Wilson also served as a counselor to Masri’s three siblings, all of whom also have successful careers.
“We knew he cared about each one us,” said Masri. “He believed in us and pushed us to succeed. Our success is a testament to the values he instilled in us. Tom was more than a mentor to us, he was a friend.”
Not quite retired
Shortly after retiring as director of the university’s Upward Bound program, Wilson returned to work as a bus driver for Blacksburg Transit hoping to remain active and maintain interaction with students.
Although he enjoyed driving for Blacksburg Transit, Wilson said he was discouraged that he did not have many opportunities to connect with the students. When the tour bus driver position became available in June 2015, he knew it would be the perfect fit and so did his immediate supervisor, Traci McCoy, campus visit coordinator.

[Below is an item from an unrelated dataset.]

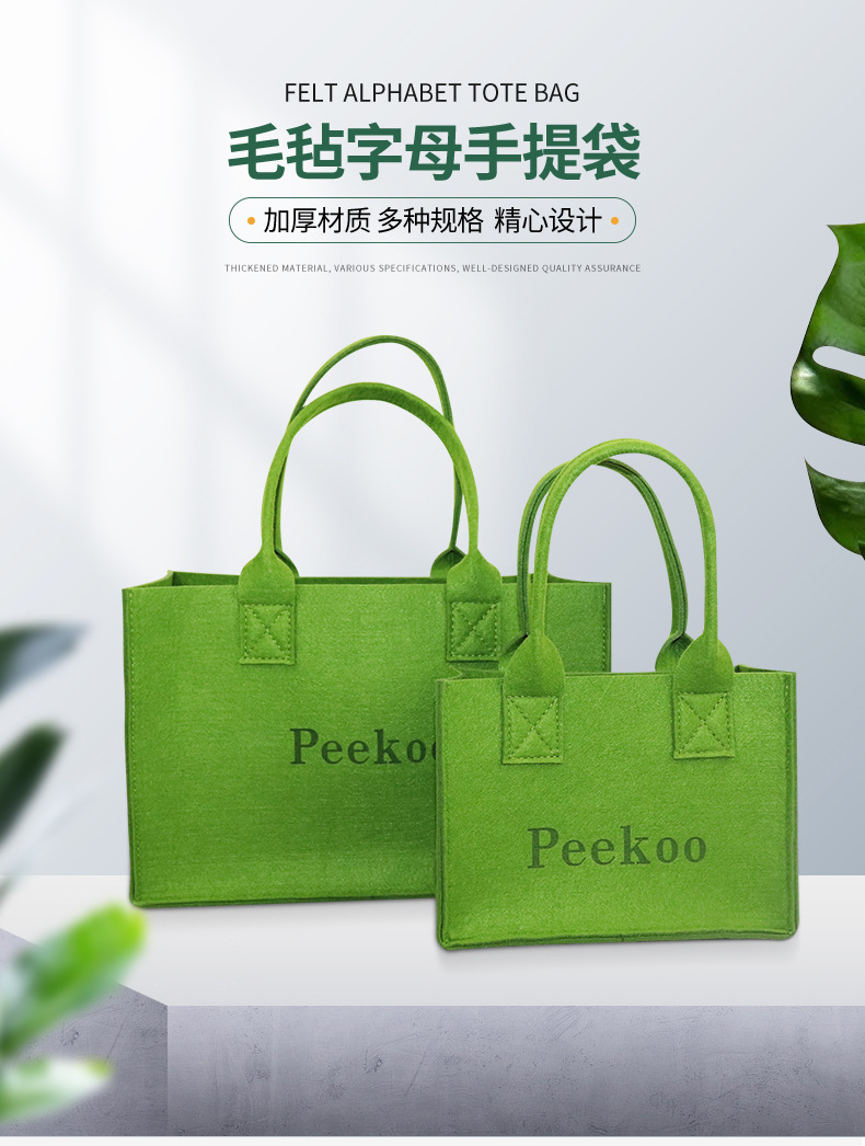 现货批发纯色毛毡手提袋 时尚潮流家用超时购物袋毛毡手提袋

“Tom is a true Hokie. He is hard-working, dedicated, and selfless,” said McCoy. “Besides being an experienced bus driver with a safe driving record, he has the perfect personality for this position. He also had extensive experience with college tours through his previous work with the Upward Bound and Talent Search programs.”
Wilson’s Ut Prosim (That I May Serve) spirit stretches beyond the university. For the past 30 years he has served as the choir director for Lutheran Memorial Church in Blacksburg. He also coordinates communion and helps record services for those who cannot attend.
Wilson said he enjoys leading the choir because it allows him to combine his passion for music with his faith. He also plays the drums in the band Beatnik Nightmare. The band plays original, progressive, and alternative music at events and establishments throughout the New River Valley.
Outside of his musical activities, Wilson volunteers at the Lyric Theatre as a concessions worker, helps at the Interfaith Food Pantry, and serves as a Hokie Club representative.
He is also an avid Hokie sports fan and is a football and basketball season ticket holder.
While Wilson stays active in the community, he said he does not have any plans to fully retire.
“This university provided me the opportunity to do what I loved for over 30 years and has given me another [opportunity],” he said. “I plan to stick around for as long as I am able. This is my home.”